Pratica comune era l’abitudine di accatastare i mazzi di radicchio in grandi buche con del letame, che con il calore liberato dalla fermentazione, preservava il radicchio dai danni provocati dal freddo, ne conferiva il colore rosato e favoriva la formazione della tipica forma a bocciolo di rosa. Questa pratica ovviamente ha riscosso alcune perplessità sanitarie, pertanto nel nostro progetto stiamo lavorando al fine di ottimizzare nuove procedure di forzatura altrettanto efficaci e con la minor perdita possibile di prodotto dovuto a fitopatologie.

Tecniche colturali

I metodi tradizionali di coltivazione prevedono che il radicchio venga seminato in pieno campo da marzo fino a metà giugno, da solo oppure in consociazione con l’avena o frumento. La semina è un’operazione delicata, visto le esigue dimensioni del seme, la consociazione è utile a ridurre l’incidenza delle infestanti, limitando gli interventi di diserbo da effettuarsi dopo la trebbiatura dei cereali.

Dopo aver mietuto le pinte consociate,  si procede ad un’erpicatura per diradare il radicchio, limitare lo sviluppo delle malerbe ed arieggiare il terreno. E’ utile che gli eventi piovosi si verifichino uno o due giorni dopo l’erpicatura, in modo da reidratare le piante.

Non viene effettuata alcuna concimazione in copertura, un elevato apporto azotato risulterebbe dannoso, determinando un’eccessiva crescita delle foglie, a discapito delle qualità organolettiche della pianta e della resistenza al freddo. Si prevede quindi una fertilizzazione letamica da effettuarsi l’anno prima. Non viene effettuata irrigazione.
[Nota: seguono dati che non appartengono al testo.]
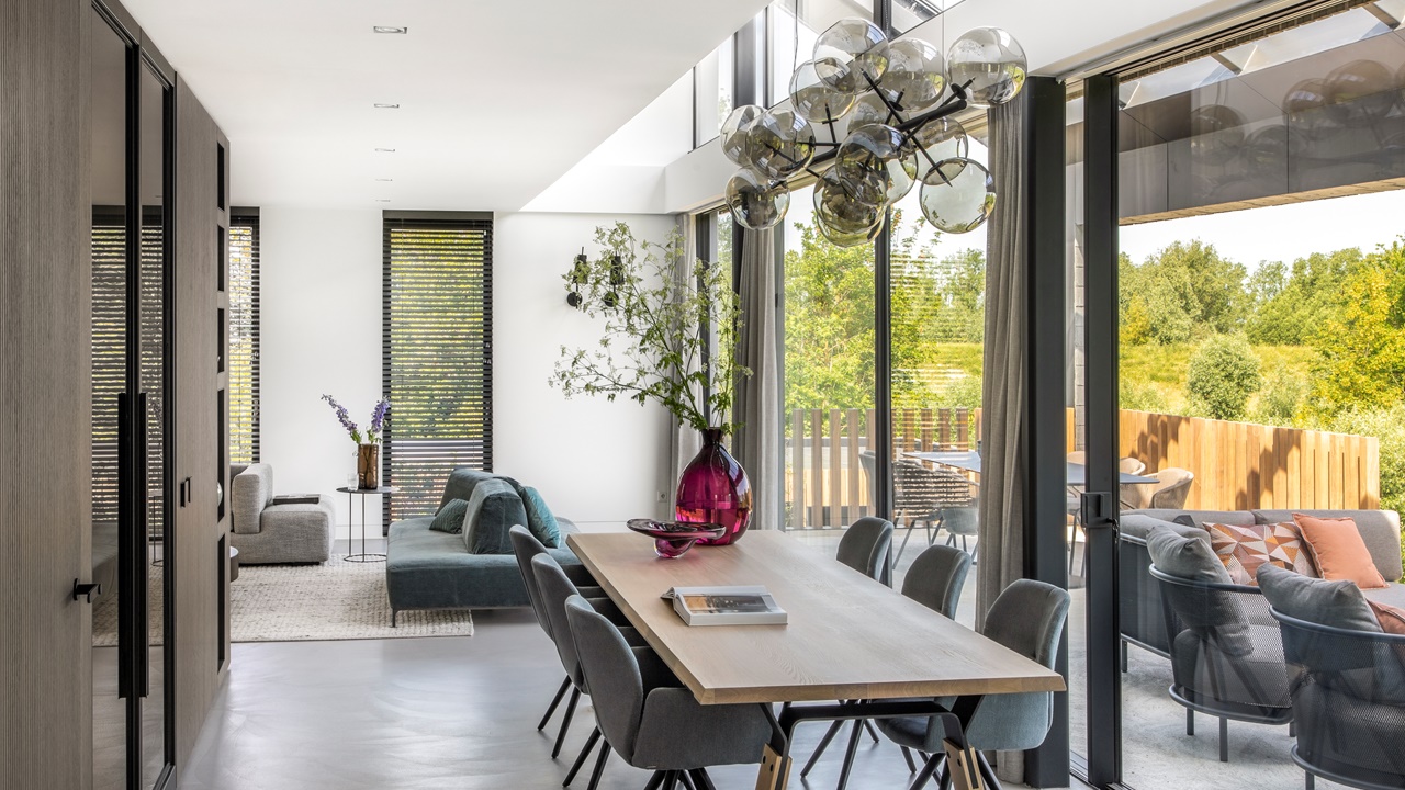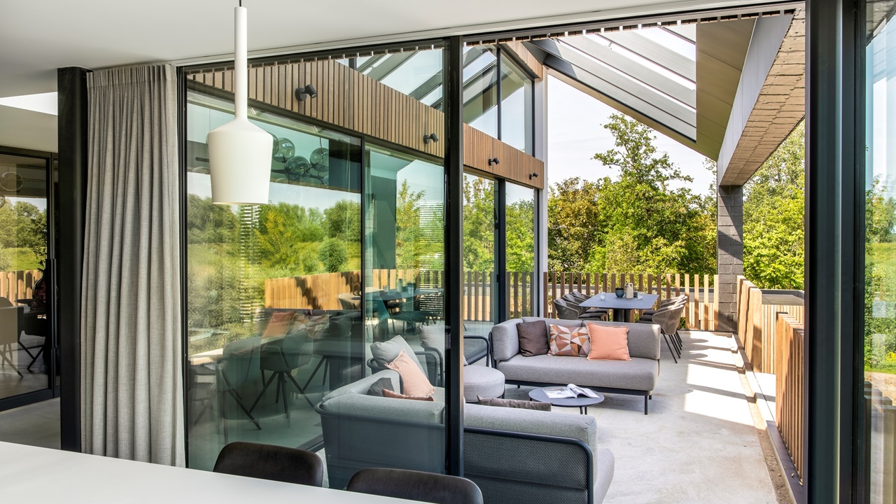 Door de ‘historische’ bakstenen aan de zijkant te combineren met stucwerk en aluminium kozijnen ontstaat een contrast tussen strak en ruw. Maar ook de diepe neggen in de voorgevel verlevendigen de façade. Dat wordt extra geaccentueerd door de slankheid van de Metaglas-profielen.” Terwijl aan achterzijde - waar de bewoners vanuit huis kunnen genieten van een panorama - de raampartijen de lijn van de gevel volgen. “Om het uitzicht te maximaliseren zijn de boven- en onderdorpels helemaal weggewerkt, verzonken in vloer en plafond.” Daarnaast zie je geen horizontale profielen en dragen de MethermoXL schuifpuien eraan bij dat de tuin onderdeel wordt van het interieur. Zelfs de bediening van de schuifdeuren is optisch bijna weggewerkt. Slechts een minimale stijl op het verticale profiel verraadt waar de deur bediend wordt.
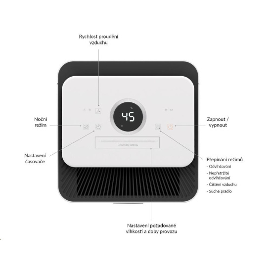 Odvlhčovač ovládáte velmi snadno pomocí dotykového panelu. Zároveň vám LED displej zobrazuje všechny důležité hodnoty.
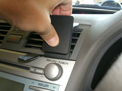 Press the thin end of both gap openers (on each side of the ProClip) into the gap between the padded dashboard and the air vent panel frame, to widen the gap. Press forward with your thumb on the upper part of the ProClip face plate, and down on the top right side of the ProClip with your long finger or index finger so the angled edge goes into the gap next to the gap opener. Press until you see or hear/feel it snaps into place.
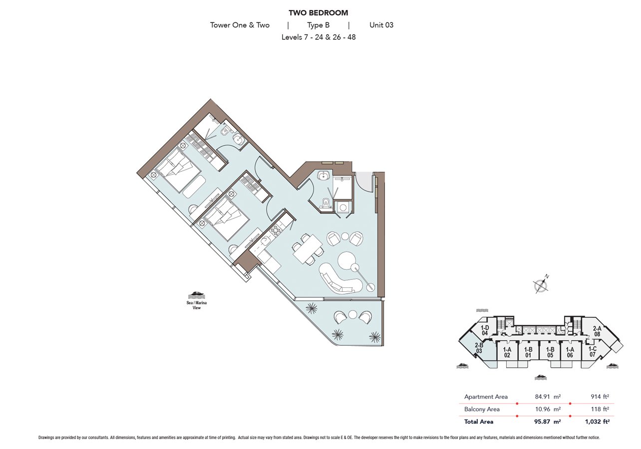 Tower 1 & 2 - Type B, Unit 3 1032.00 Sq Ft Apartment
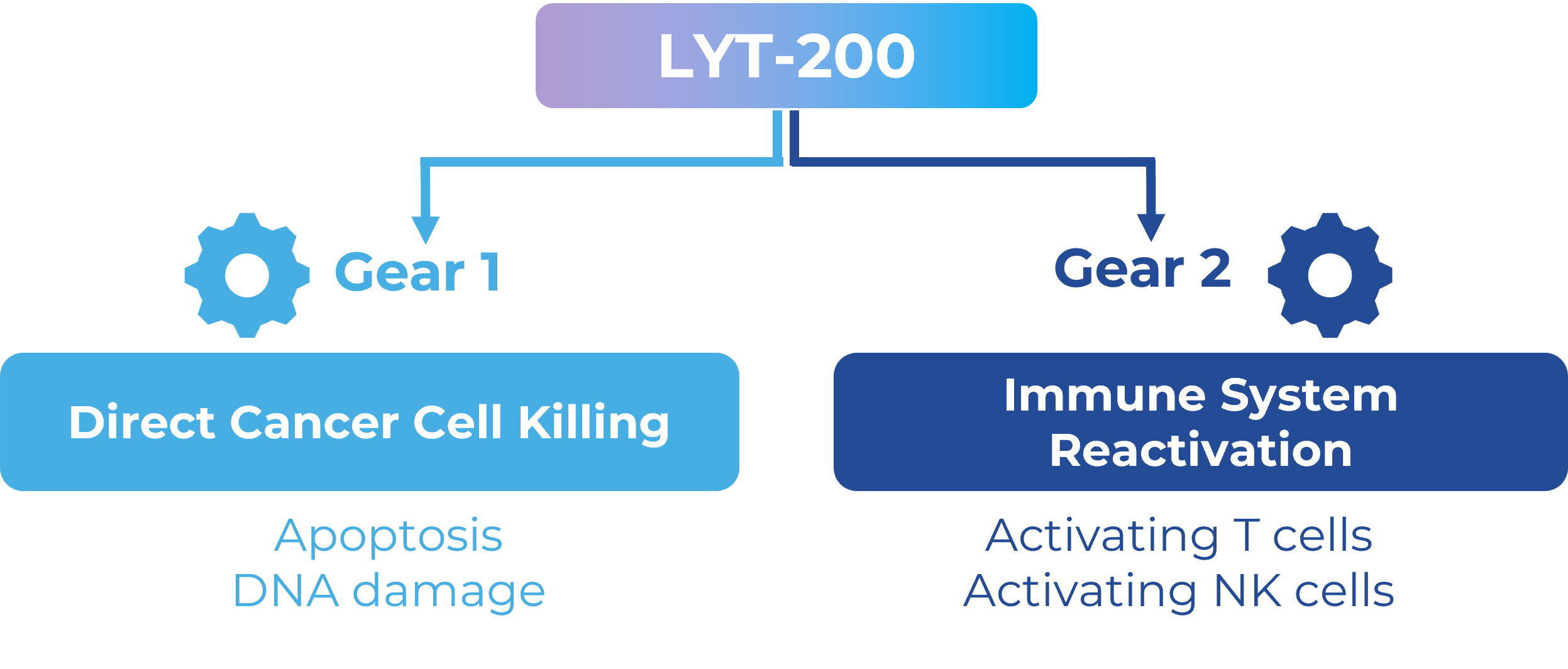 We are focused on transforming treatment paradigms for both hematologic and solid tumor indications. Our lead asset, LYT-200, has received Fast Track and Orphan Drug Designations for the treatment of acute myeloid leukemia (AML) and head and neck squamous cell carcinoma (HNSCC). With its dual mechanism of action—direct tumor suppression and immune modulation—LYT-200 represents a novel, differentiated approach in oncology therapeutics.

La raccolta avviene in novembre dicembre, dopo che il radicchio ha subito il primo gelo, il freddo è necessario affinché la pianta prenda il caratteristico colore rosso. Le piante raccolte con le radici vengono legate sul campo in mazzi con paglia di frumento o con rametti di salice oppure più modernamente stivate in cassette, per poi essere avviate alla forzatura.

Forzatura

La forzatura è l’operazione fondamentale per la buona riuscita del prodotto: conferisce un sapore dolce e croccante alle foglie, favorisce la forma a rosa del cuore e determina il colore rosato nella “Rosa di Gorizia” ed il caratteristico giallo chiaro del Canarino.

La forzatura prevede il mantenimento delle piante al buio per circa 15 giorni a temperature comprese tra i 10-12°C circa; durante questo periodo le piante devono essere bagnate 2-3 volte per conferire croccantezza alle foglie. E’ un processo molto delicato, perché in queste condizioni di umidità e temperatura si sviluppano facilmente fitopatologie fungine. La nostra attività di ricerca mira proprio ad individuare nuove tecniche e prodotti biologici che possano ridurre al minimo gli scarti produttivi determinati da queste problematiche.

Toelettatura

Dopo la forzatura i mazzi vengono slegati e si da avvio alle operazioni di toelettatura, mantenendo solo il cuore a forma di rosa ed un pezzetto di radice, lungo da uno a due centimetri per favorire la conservabilità.

Si tratta di un’operazione molto onerosa, si pensi che lo scarto in genere è di circa il 70% del peso lordo.

Dalla toelettatura si ottengono tre prodotti:

  1. Radicchio di prima scelta;
  2. La tara: piante sottomisura, foglie staccate etc;
  3. Le radici più grosse (si consumano lessate);

Mercato

Si può considerare la “Rosa di Gorizia” un prodotto di nicchia, che per qualità e quantità ridotte viene venduto sul mercato ad un prezzo più elevato rispetto ad altri radicchi.